About this task ▸ What you need to produce from the material below is an exact transcription of the lines from the one with "SEU PAI ESCOTEIRO DE REGADAS" through the one with "Ta procurando uma", both included, and no other line.

Data in this exercise ▸

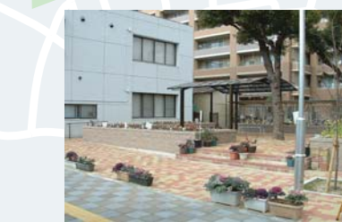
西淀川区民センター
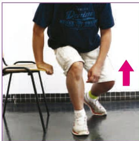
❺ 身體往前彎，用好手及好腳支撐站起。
* * *
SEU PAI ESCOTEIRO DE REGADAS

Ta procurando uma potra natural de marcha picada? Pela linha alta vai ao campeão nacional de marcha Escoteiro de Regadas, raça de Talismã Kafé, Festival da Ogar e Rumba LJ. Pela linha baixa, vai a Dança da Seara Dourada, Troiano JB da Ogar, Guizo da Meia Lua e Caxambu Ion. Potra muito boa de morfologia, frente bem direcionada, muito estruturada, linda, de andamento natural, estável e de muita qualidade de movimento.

Result of the exercise ▸
SEU PAI ESCOTEIRO DE REGADAS

Ta procurando uma potra natural de marcha picada? Pela linha alta vai ao campeão nacional de marcha Escoteiro de Regadas, raça de Talismã Kafé, Festival da Ogar e Rumba LJ. Pela linha baixa, vai a Dança da Seara Dourada, Troiano JB da Ogar, Guizo da Meia Lua e Caxambu Ion. Potra muito boa de morfologia, frente bem direcionada, muito estruturada, linda, de andamento natural, estável e de muita qualidade de movimento.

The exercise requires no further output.